PageRank

This post explores PageRank, the foundational algorithm that powers Google’s search rankings. While originally designed for web pages, understanding PageRank’s mechanics and mathematical foundations provides crucial context for its variants like ArticleRank, which I developed for the Delphi project to better handle academic citation networks.

PageRank

The point of PageRank is to take a directed graph and determine the importance of each node in the graph. It does this by iteratively passing around importance values directionally from one node to the other (but not in reverse). Since Brin and Page invented PageRank to determine the importance of web pages originally, let’s think about webpages linking to others as our directed graph.

There are two main heuristics that drive the updates each iteration:

The more important a node is, the more likely it is to be linked to by other nodes. For web pages, if add I add a link to Google, this would boost Google’s PageRank a tiny bit in theory.
A website is more important if more important websites link to it, all else equal. If Google put a link to timholds.com on their homepage, my PageRank would get an astronomical boost.

The Algorithm in Practice

Here’s a simplified view of how PageRank actually works:

Initial state: Every page starts with equal importance (1/N)
Each iteration:
  - Each page divides its current PageRank by the number of outgoing links
  - It sends this fraction to each page it links to
  - Each page's new PageRank ~= sum of all incoming fractions

The equation is:

\[PR(p) = \frac{1-d}{N} + d \times \sum_{q \in M(p)} \frac{PR(q)}{C(q)}\]

Where:

\(PR(p)\) is the PageRank of page \(p\)
\(d\) is the damping factor (usually 0.85)
\(N\) is the total number of pages
\(M(p)\) is the set of pages that link to page \(p\)
\(C(q)\) is the number of outgoing links from page \(q\)

Mathematical Motivation

TL;DR PageRank has both an iterative and analytical solution.

Graphs and Matrices


Graphs can be represented as matrices!

Every graph, directed or undirected, can be represented as an adjacency matrix. Linear algebra is an incredibly powerful tool for saying things about matrices, and by converting a graph into a matrix we get the full firepower of linear algebra to say things about the graph.

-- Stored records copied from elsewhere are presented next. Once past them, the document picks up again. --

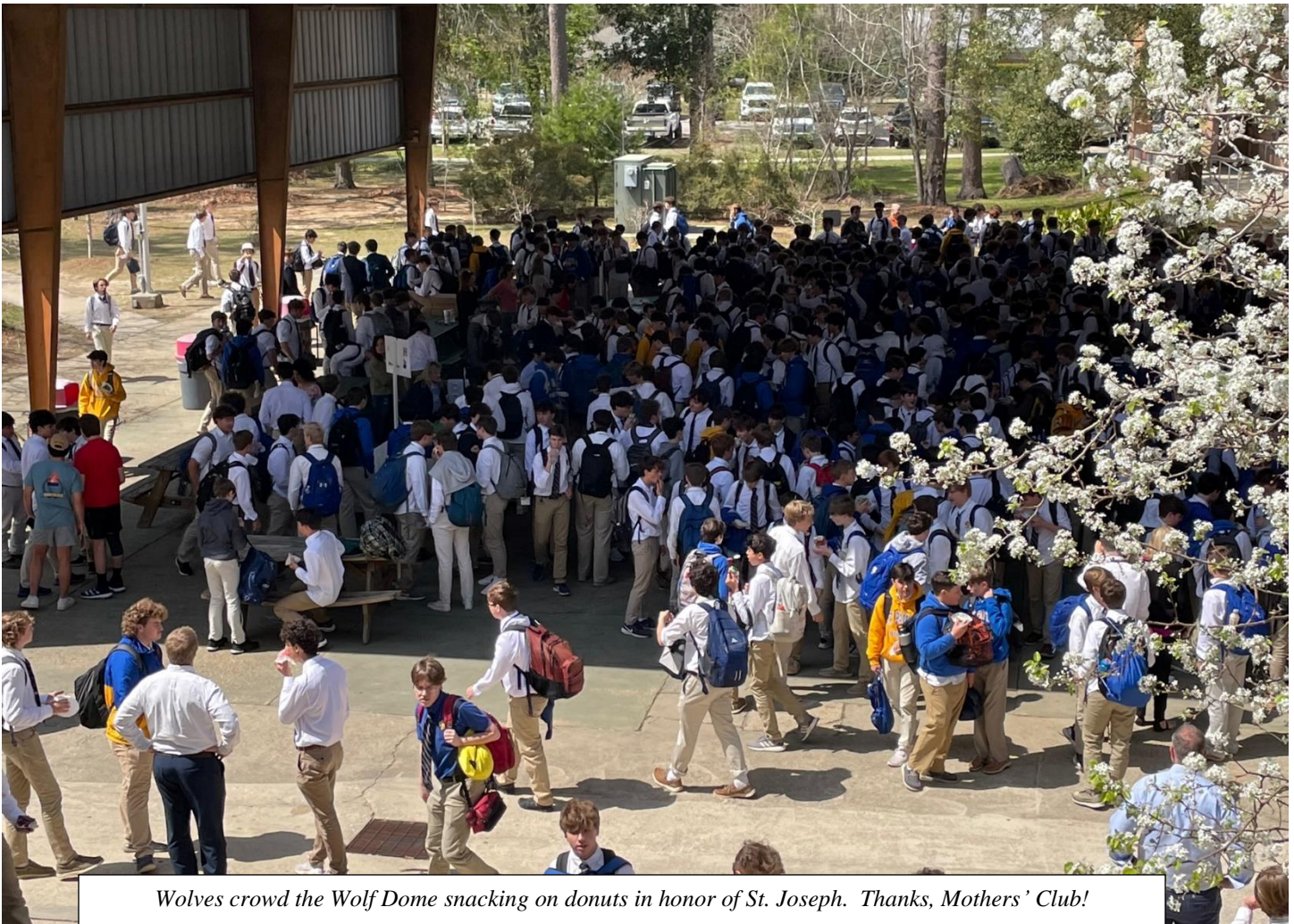
Wolves crowd the Wolf Dome snacking on donuts in honor of St. Joseph. Thanks, Mothers' Club!
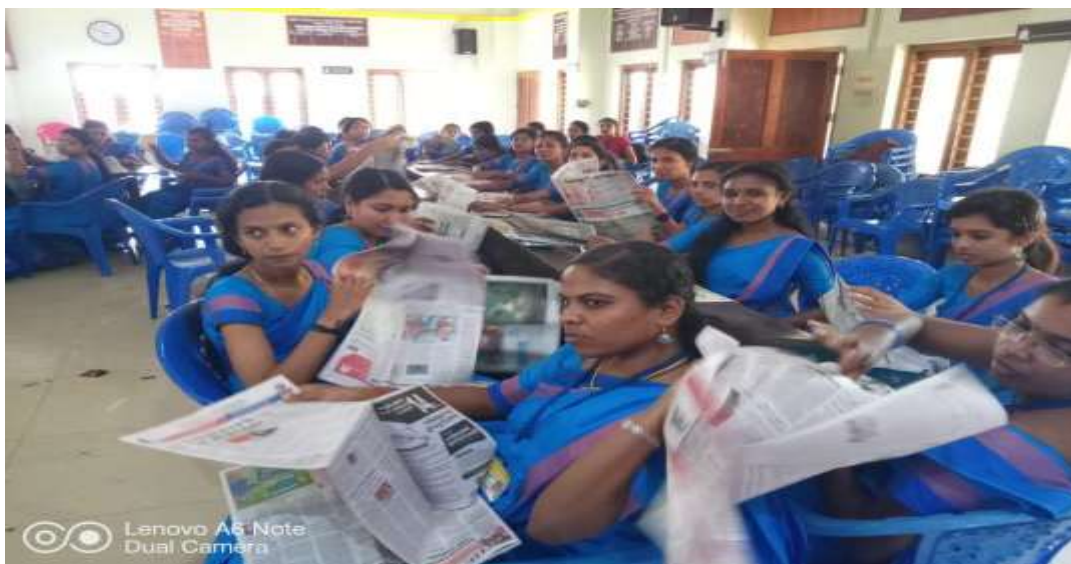
Student Teachers attending the Training Programme on Paper Bag preparation
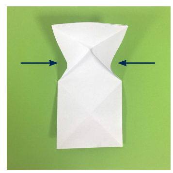
8. Pinch the top sides into the middle.
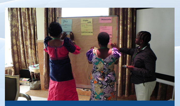
Participants of the Women Leadership Academy are discussing different dimensions of leadership at the launch workshop in Gabon in February 2016.

Research on budget processes and legislative oversight in African countries, initiated by the programme, lays the foundation for peer learning processes and country-specific measures. In 2016, GIZ published an overview study that compared thirteen Anglophone and thirteen Francophone African countries with respect to parliamentary budget supervision. The publication summarises contrasting institutional traditions, settings and experiences, and highlights common and distinctive strengths and weaknesses in each group.
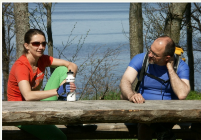
Leisure facilities on the seashore

13 The Tūja brick factory dates back to 1936. Clay from the Devonian period was used. The factory produced high-quality bricks for structures such as the Gunpowder Tower in Rīga when it was renovated. The factory remained open, with some interruptions, all the way until the late 1980s. The ruins of the factory can be seen from the Tūja village centre as you walk toward the sea.
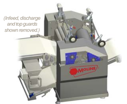
LIBRA 2I-32R Sheeter (Dual, With Satellite Roller)

Low Profile Design/Multiple Configurations

If we normalize the adjacency matrix, we get the transition matrix. The transition matrix is a stochastic matrix where each column sums to 1, representing the probability of moving from one node to another. More intuitively, the transition matrix tells us the probability of hopping from one node to another in the graph.

Random Surfer

The random surfer model asks: “If a user randomly clicks links on the web, what fraction of time would they spend on each page in the long run?” This long-run probability is just the PageRank! In other words, the PageRank of a page is the probability of finding the random surfer on that page at any given moment.

A surfer traverses a graph

The mechanics of the random surfer starts at a random node and traverse the edges randomly according to the transition matrix. The damping factor (usually 0.85) allows a surfer who follows links 85% of the time to jump to any page 15% of the time. This prevents rank sinks and ensures convergence. This modifies the transition matrix to include a uniform distribution over all pages, ensuring that every page has a chance of being visited even if it has no incoming links.

Here’s the modified transition matrix:

\[T = d \cdot P + (1 - d) \cdot U\]

Where:

\(T\) is the modified transition matrix
\(d\) is the damping factor (usually around 0.85)
\(P\) is the original transition matrix (normalized adjacency matrix)
\(U\) is the uniform distribution matrix, where each entry is \(\frac{1}{N}\) (with \(N\) being the total number of pages)

This modification ensures that the random surfer can always jump to any page, preventing rank sinks and ensuring convergence of the PageRank algorithm. In other words, this prevents the case where a node could accumulate infinite PageRank by having no outgoing links.

The Punchline

Hopping from page to connected page probabilastically maps really nicely into the beloved Markov chain. If we let the random surfer hop around according to transition matrix, eventually it the probability of each node getting landed on will converge. Linear algebra already knew that! The dominant eigenvector (the one corresponding to the largest eigenvalue) of this transition matrix represents the steady state distribution, which are the values that PageRank converges to.

All three of these concepts are getting at the same thing:
The steady-state probability of the random surfer being on a page
The dominant eigenvector of the modified adjacency matrix
The converged values from the iterative PageRank formula